*** Opening EXERCISE DATA ***

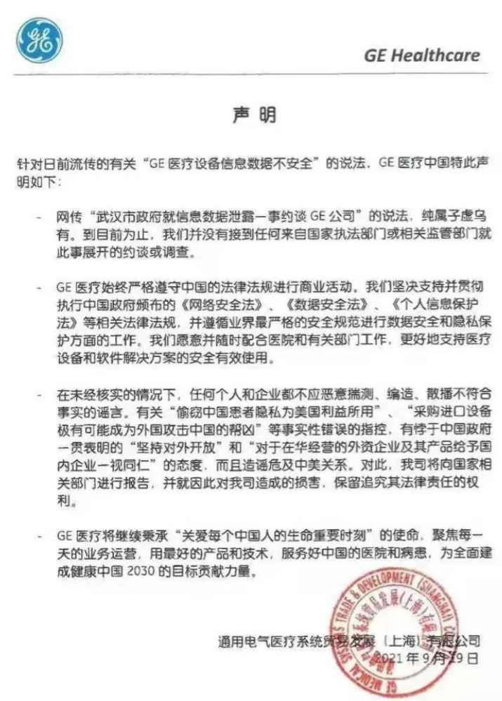 2021年9月被外界质疑“GE医疗信息安全问题”,GE医疗第一时间作出回应,回应称网传“武汉市政府就信息数据泄露一事约谈GE公司”的说法,纯属子虚乌有。GE医疗中国未接到任何来自执法部门或相关监管部门就此事展开的约谈或调查。同时GE医疗中国强调,始终严格遵守中国的法律法规进行商业活动,并遵循业界最严格的安全规范进行数据安全和隐私保护方面的工作,随时配合医院和有关部门工作。
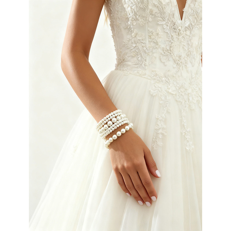 Women's Elegant Pearl Multi-Layer Bridal Bracelet - Faux Pearl Bead...
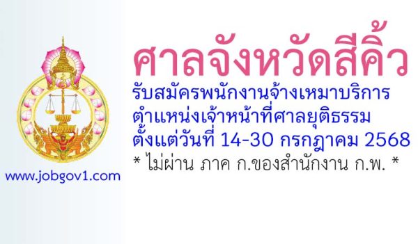 ศาลจังหวัดสีคิ้ว รับสมัครพนักงานจ้างเหมาบริการ ตำแหน่งเจ้าหน้าที่ศาลยุติธรรม ตั้งแต่วันที่ 14-30 กรกฎาคม 2568
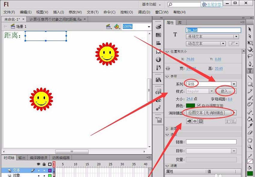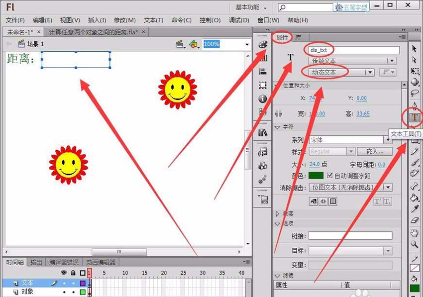 3、在“編輯欄”中選擇“文本工具”,在“屬性”面板中選擇“動態文本”,在舞臺繪制一個動態文本框,將“實例名稱”取名為“dis_txt”。(注:要嵌入字體)
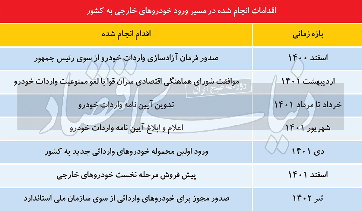 اسفند ۱۴۰۰ بود که رئیسجمهور با حضور در ایرانخودرو فرمان آزادسازی واردات خودرو را صادر کرد. ابراهیم رئیسی در آن روز فرمانی هشتمادهای برای بخش خودرو صادر کرد که یکی از بندهای آن، آزادسازی واردات پس از حدود چهارسال بود. حدود دوماهونیم پس از صدور این فرمان، شورای هماهنگی اقتصادی سران قوا که در بهار ۹۷ و پس از خروج آمریکا از برجام، واردات خودرو را در راستای مدیریت منابع ارزی ممنوع کرد، حکم نهایی درباره آزادسازی واردات را -به واسطه عدمتمدید ممنوعیت موردنظر- داد. این اقدام شورای هماهنگی اقتصادی سران قوا مجوز لازم -نه کافی- را به وزارت صنعت، معدن و تجارت داد تا آزادسازی واردات خودرو را وارد فاز اجرایی کند. با این حال حدود۴ماه طول کشید تا این وزارتخانه آییننامه واردات خودرو را اعلام و ابلاغ کرد.
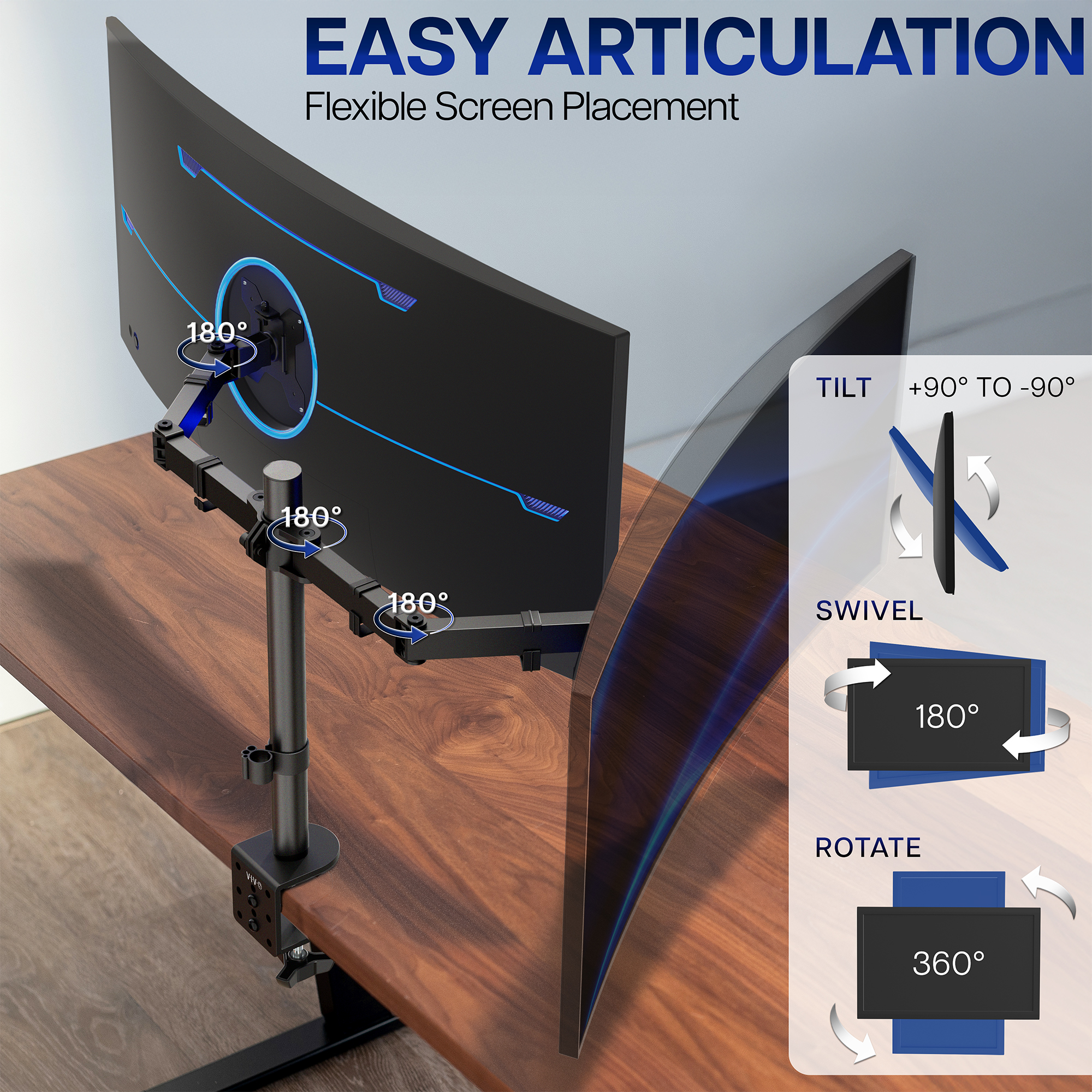 Особенности: Height Adjustable along center pole, Articulation: +90° to -90° tilt, 180° swivel, and 360° rotation

*** Closing EXERCISE DATA ***

**DESCRIPTION OF THE TASK:**
Only the entries themselves should be output, word for word, with all pictures omitted.

**ANSWER TO THIS PROBLEM:**
 2021年9月被外界质疑“GE医疗信息安全问题”,GE医疗第一时间作出回应,回应称网传“武汉市政府就信息数据泄露一事约谈GE公司”的说法,纯属子虚乌有。GE医疗中国未接到任何来自执法部门或相关监管部门就此事展开的约谈或调查。同时GE医疗中国强调,始终严格遵守中国的法律法规进行商业活动,并遵循业界最严格的安全规范进行数据安全和隐私保护方面的工作,随时配合医院和有关部门工作。
 Women's Elegant Pearl Multi-Layer Bridal Bracelet - Faux Pearl Bead...
 ศาลจังหวัดสีคิ้ว รับสมัครพนักงานจ้างเหมาบริการ ตำแหน่งเจ้าหน้าที่ศาลยุติธรรม ตั้งแต่วันที่ 14-30 กรกฎาคม 2568
 3、在“編輯欄”中選擇“文本工具”,在“屬性”面板中選擇“動態文本”,在舞臺繪制一個動態文本框,將“實例名稱”取名為“dis_txt”。(注:要嵌入字體)
 اسفند ۱۴۰۰ بود که رئیسجمهور با حضور در ایرانخودرو فرمان آزادسازی واردات خودرو را صادر کرد. ابراهیم رئیسی در آن روز فرمانی هشتمادهای برای بخش خودرو صادر کرد که یکی از بندهای آن، آزادسازی واردات پس از حدود چهارسال بود. حدود دوماهونیم پس از صدور این فرمان، شورای هماهنگی اقتصادی سران قوا که در بهار ۹۷ و پس از خروج آمریکا از برجام، واردات خودرو را در راستای مدیریت منابع ارزی ممنوع کرد، حکم نهایی درباره آزادسازی واردات را -به واسطه عدمتمدید ممنوعیت موردنظر- داد. این اقدام شورای هماهنگی اقتصادی سران قوا مجوز لازم -نه کافی- را به وزارت صنعت، معدن و تجارت داد تا آزادسازی واردات خودرو را وارد فاز اجرایی کند. با این حال حدود۴ماه طول کشید تا این وزارتخانه آییننامه واردات خودرو را اعلام و ابلاغ کرد.
 Особенности: Height Adjustable along center pole, Articulation: +90° to -90° tilt, 180° swivel, and 360° rotation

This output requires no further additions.